Exercise brief: All that should be output is the block of lines below from the line with "Wir kommen sehr" to the line with "Project Settings:项目设置(最重要),本文详解 Platform", both included, exactly as written.

(Collected data entries)
══════

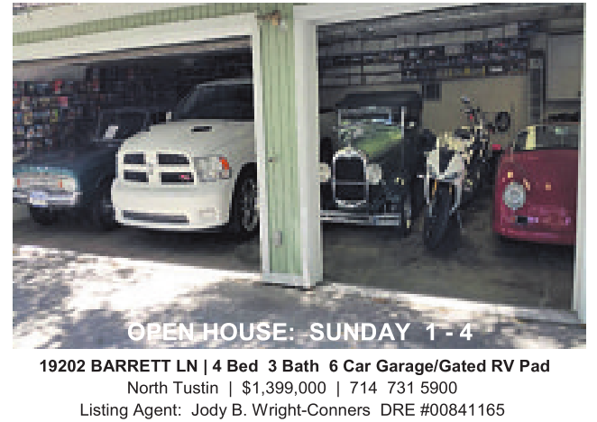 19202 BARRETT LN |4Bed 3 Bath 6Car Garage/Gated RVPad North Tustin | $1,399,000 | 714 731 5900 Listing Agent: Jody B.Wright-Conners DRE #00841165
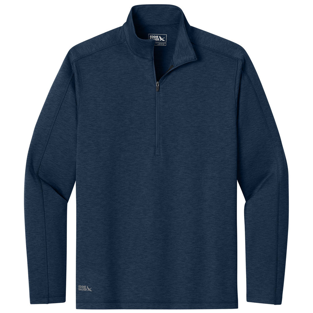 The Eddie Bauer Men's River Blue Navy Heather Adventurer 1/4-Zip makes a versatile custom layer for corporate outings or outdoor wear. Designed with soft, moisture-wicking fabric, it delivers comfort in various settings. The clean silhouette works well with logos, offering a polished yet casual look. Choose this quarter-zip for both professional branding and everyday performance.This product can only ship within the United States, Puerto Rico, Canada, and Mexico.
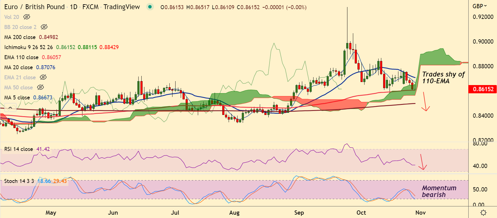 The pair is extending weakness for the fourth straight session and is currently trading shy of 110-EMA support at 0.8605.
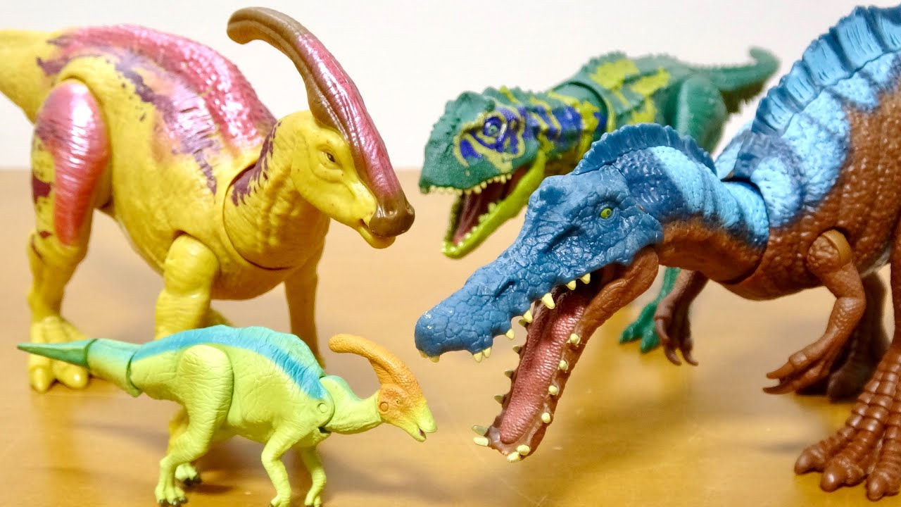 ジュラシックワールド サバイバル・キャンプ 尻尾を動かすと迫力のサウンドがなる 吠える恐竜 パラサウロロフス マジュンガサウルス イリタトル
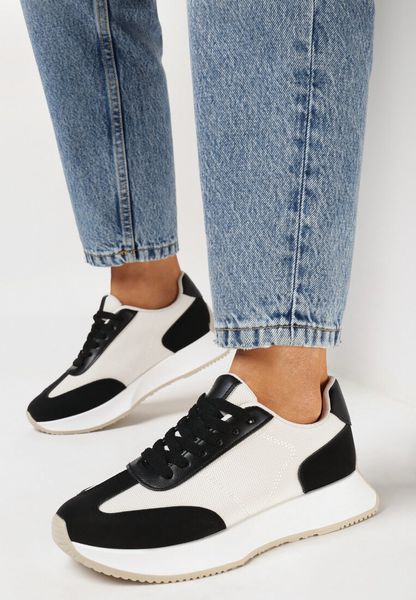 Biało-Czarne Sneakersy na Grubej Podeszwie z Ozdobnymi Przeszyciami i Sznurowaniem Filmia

══════

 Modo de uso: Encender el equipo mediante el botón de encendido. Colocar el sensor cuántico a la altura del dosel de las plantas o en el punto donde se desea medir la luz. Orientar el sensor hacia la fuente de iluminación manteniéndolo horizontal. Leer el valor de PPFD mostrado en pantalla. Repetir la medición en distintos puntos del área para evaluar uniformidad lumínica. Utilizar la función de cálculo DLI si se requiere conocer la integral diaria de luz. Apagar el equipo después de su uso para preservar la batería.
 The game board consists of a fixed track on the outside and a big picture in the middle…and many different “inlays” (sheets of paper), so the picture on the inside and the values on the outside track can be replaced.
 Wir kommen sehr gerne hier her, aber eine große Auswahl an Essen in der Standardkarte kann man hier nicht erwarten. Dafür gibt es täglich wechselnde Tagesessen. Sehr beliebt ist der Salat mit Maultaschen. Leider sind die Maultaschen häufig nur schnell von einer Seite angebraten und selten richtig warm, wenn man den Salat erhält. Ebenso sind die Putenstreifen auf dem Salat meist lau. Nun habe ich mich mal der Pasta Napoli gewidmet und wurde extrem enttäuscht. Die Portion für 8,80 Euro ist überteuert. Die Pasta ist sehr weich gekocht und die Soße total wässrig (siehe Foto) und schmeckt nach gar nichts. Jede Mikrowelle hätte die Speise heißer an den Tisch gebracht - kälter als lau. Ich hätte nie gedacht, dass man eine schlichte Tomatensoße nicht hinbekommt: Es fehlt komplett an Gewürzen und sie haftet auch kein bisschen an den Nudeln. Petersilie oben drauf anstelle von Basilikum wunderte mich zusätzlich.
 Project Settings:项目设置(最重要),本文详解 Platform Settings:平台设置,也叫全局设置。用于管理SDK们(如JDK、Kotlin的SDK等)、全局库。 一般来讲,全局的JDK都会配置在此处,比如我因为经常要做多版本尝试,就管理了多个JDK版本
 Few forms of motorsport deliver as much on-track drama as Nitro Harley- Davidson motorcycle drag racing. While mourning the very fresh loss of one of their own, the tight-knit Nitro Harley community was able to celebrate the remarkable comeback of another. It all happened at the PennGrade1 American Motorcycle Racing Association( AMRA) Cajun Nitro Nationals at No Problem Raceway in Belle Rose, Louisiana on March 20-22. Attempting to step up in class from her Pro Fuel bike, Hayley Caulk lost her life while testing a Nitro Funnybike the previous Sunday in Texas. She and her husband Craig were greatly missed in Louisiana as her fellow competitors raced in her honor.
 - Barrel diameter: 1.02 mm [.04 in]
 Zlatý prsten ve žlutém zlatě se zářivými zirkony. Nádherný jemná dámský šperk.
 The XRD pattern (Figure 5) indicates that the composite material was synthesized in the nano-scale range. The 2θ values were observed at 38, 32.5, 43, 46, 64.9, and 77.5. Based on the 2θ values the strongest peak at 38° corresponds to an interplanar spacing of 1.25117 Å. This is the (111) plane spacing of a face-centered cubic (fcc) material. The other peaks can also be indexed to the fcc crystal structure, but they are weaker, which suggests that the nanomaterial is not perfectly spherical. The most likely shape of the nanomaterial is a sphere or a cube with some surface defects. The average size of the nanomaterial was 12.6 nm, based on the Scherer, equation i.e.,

══════

Finished exercise:
 Wir kommen sehr gerne hier her, aber eine große Auswahl an Essen in der Standardkarte kann man hier nicht erwarten. Dafür gibt es täglich wechselnde Tagesessen. Sehr beliebt ist der Salat mit Maultaschen. Leider sind die Maultaschen häufig nur schnell von einer Seite angebraten und selten richtig warm, wenn man den Salat erhält. Ebenso sind die Putenstreifen auf dem Salat meist lau. Nun habe ich mich mal der Pasta Napoli gewidmet und wurde extrem enttäuscht. Die Portion für 8,80 Euro ist überteuert. Die Pasta ist sehr weich gekocht und die Soße total wässrig (siehe Foto) und schmeckt nach gar nichts. Jede Mikrowelle hätte die Speise heißer an den Tisch gebracht - kälter als lau. Ich hätte nie gedacht, dass man eine schlichte Tomatensoße nicht hinbekommt: Es fehlt komplett an Gewürzen und sie haftet auch kein bisschen an den Nudeln. Petersilie oben drauf anstelle von Basilikum wunderte mich zusätzlich.
 Project Settings:项目设置(最重要),本文详解 Platform Settings:平台设置,也叫全局设置。用于管理SDK们(如JDK、Kotlin的SDK等)、全局库。 一般来讲,全局的JDK都会配置在此处,比如我因为经常要做多版本尝试,就管理了多个JDK版本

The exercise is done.